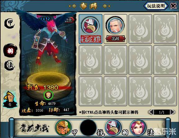 神将阵容会大大影响战斗的质量,即便是战力相同,不同的阵容呈现出来的战斗效果也有着一定的差别,所以战前的布阵显得十分重要。这个游戏的布阵规则相对简单很多,每个类型的神将都可以且至多只能上阵一个,所以玩家不必考虑如何搭配神将类型,只要在同一类神将中比较哪个更强即可。
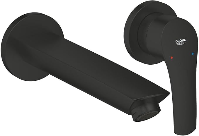 خلاط حوض جداري من جروهي بتصميم عملي وتشطيب أسود مط، مُخصص للتركيب الجداري النهائي بدون الجسم المخفي.
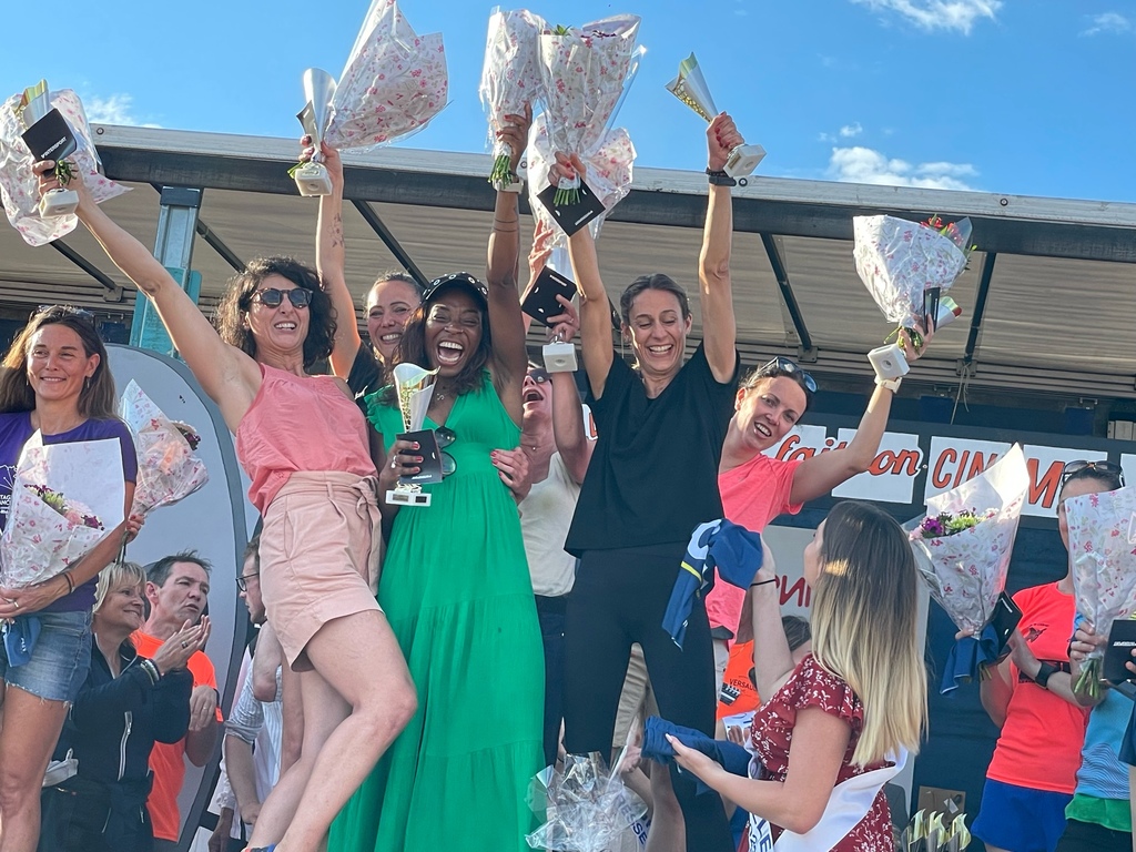 PODIUM POUR LE JOCEL !!!!!!!!! 1ère équipe féminine sur le marathon relais de ce samedi. Équipe Féminine crée par Bernard, avec Sonia, Maddy, Alexandra, Flora, Camille et une extérieure du Jocel, Manon. Premier relais sous le soleil et la chaleur, pour terminer sous un gros orage pour les derniers relais. Avec Sandrine qui avait le rôle de guetteuse pour prévenir en amont l’arrivée imminente de chaque fille, pour que les relais se fassent très rapidement. Les filles ont mis une ambiance de folie avant et sur le podium. C’était un très joli moment festif. L’esprit du Jocel a été mis à l’honneur!!!!😃😃😃😃
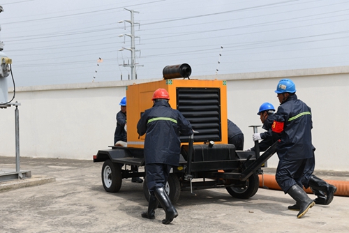 針對今年東??h域雨水增多、氣候變化頻繁,本次防汛演練以東海縣域突降暴雨為背景,110千伏濱河變模擬暴雨后排水系統(tǒng)排水不及,雨水經(jīng)過電纜溝倒灌進(jìn)變電站,綜合檢驗多部門協(xié)同合作,出現(xiàn)汛情時運維人員的防汛對應(yīng)能力。
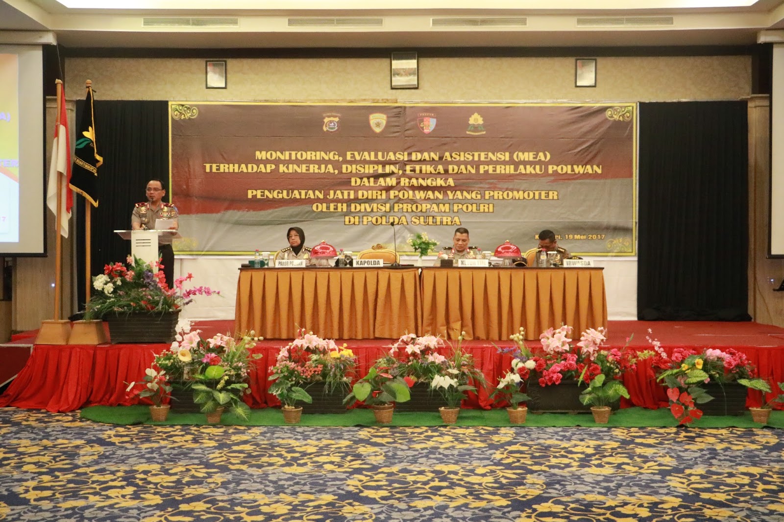 polda, para Kapolres jajaran, seluruh polwan jajaran polda sultra dan Bhayangkari Polda sultra.Mengawali kegiatan tersebut kapolda sultra dalam sambutannya sangat senang dengan hadirnya tim dari mabes polri yang dalam hal ini pejabat Div Propam Polri.

-----

> [Work task] Reproduce, without alteration and without pictures, only those lines that lie between the first line of the entries above and the line containing "خلاط حوض جداري", both of them included.

> [Solution to the exercise]
 神将阵容会大大影响战斗的质量,即便是战力相同,不同的阵容呈现出来的战斗效果也有着一定的差别,所以战前的布阵显得十分重要。这个游戏的布阵规则相对简单很多,每个类型的神将都可以且至多只能上阵一个,所以玩家不必考虑如何搭配神将类型,只要在同一类神将中比较哪个更强即可。
 خلاط حوض جداري من جروهي بتصميم عملي وتشطيب أسود مط، مُخصص للتركيب الجداري النهائي بدون الجسم المخفي.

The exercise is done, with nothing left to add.